7月に予定される参院選に向け、自民党が沖縄選挙区に擁立する新人候補者が、県出身で元総務官僚の古謝玄太氏(38)に内定した。有力と目された人物の固辞が続く中で白羽の矢が立ち、選考作業に急浮上した古謝氏。県連内でもほとんど知る人がいなかった無名の若手ながら、県出身で東大卒のキャリア官僚経験者という「今まで沖縄にはなかった」(島袋大県連幹事長)経歴に期待値は高い。現職の伊波洋一氏(70)の再選支援を本格化させる「オール沖縄」陣営からは「候補者として強いのか弱いのか未知数だ」とノーマークの対抗馬に戸惑いや警戒感が広がった。
自民の参院選候補者選考を巡っては当初、党本部が前宜野湾市長の佐喜真淳氏の擁立に向けて水面下で働き掛けを強めていた。だが、県知事選に再度挑戦するという決意が固い佐喜真氏の翻意は得られず、先行きに不透明感が漂っていた。
選考作業が不調に終わった場合に、県連幹部が「責任」を取る形で出馬するという対応含みで、県連会長の中川京貴県議や同幹事長の島袋大県議も選考対象に名を連ねていた。ただ、与野党で伯仲する県議会の構成や全県区における知名度などから、県議の擁立論に慎重な雰囲気もあった。
その状況で急きょ浮上したのが在京の古謝氏だった。「常に心は沖縄にはせてきた」(古謝氏)と、以前から政治家への転身の道に関心を示していたことから、西銘恒三郎沖縄担当相(衆院議員)が参院選出馬へアプローチしていた。
佐喜真氏とは別に有力視されていた男性医師からも参院選出馬を固辞されたことを受け、国会議員団や県連幹部の中で古謝氏の擁立を模索する流れが出来上がった。
古謝氏本人が決意を固めたことで、めどとしていた自民党大会までの候補者決定にこぎつけた。県連幹部は「できるだけ若い世代の擁立を目指していた。当初から想定された道ではないが、結果的に目標は果たせた」と胸をなで下ろす。
官僚経験後に地元の知事選や国政選挙に出馬して、政治家に転身するコースは全国的にはよく見られる。だが、県内では見られなかったパターンとあって、自民と対峙(たいじ)する「オール沖縄」には「沖縄の政治土壌で受け入れられるのだろうか」という指摘もある。

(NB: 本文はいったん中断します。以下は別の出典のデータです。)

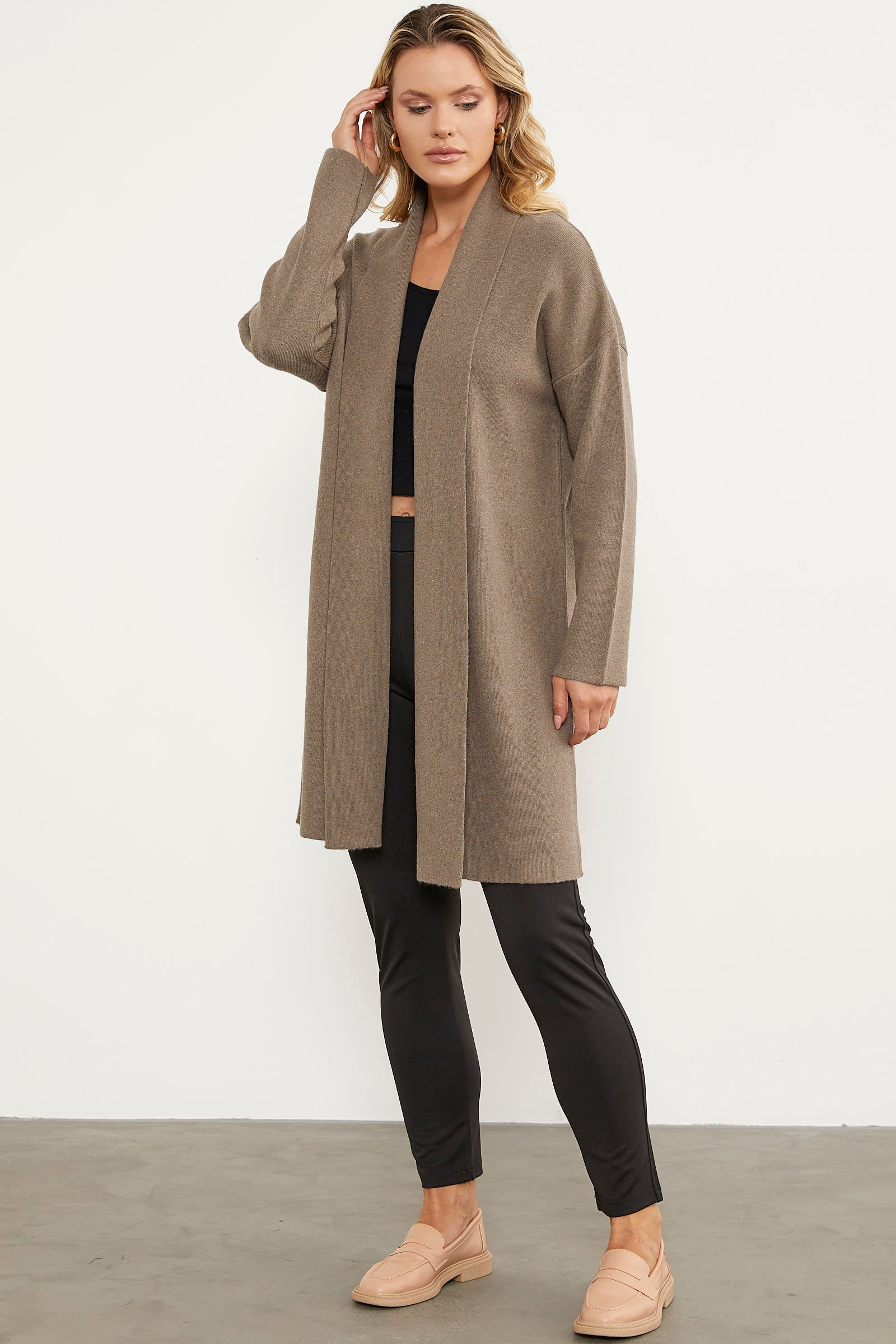 Plus Size Shawl Collar Wool Knitted Cardigan - Milky Coffee

オール沖縄幹部は「演説のうまさなどが分からないので、(対立候補としての)評価は難しい。ただ経歴もあるし、その上若い。見せ方次第では強敵ではないか」と表情を引き締める。
自民党県連は難航していた参院選の候補者選考が一段落したことで、参院選の直後に実施される県知事選の選考作業を本格化させる。再選出馬が濃厚な玉城デニー知事の対抗馬として、佐喜真氏のほか、古謝氏と同様の県出身官僚など新たな人材の起用を探る動きが水面下で出てきた。
県連関係者は「4月には知事選の候補者をある程度絞った上で、関係団体に諮りたい」と述べた。今回の参院選候補者の選考は、県内で政治人材の多様化や世代交代が進むきっかけになる可能性もある。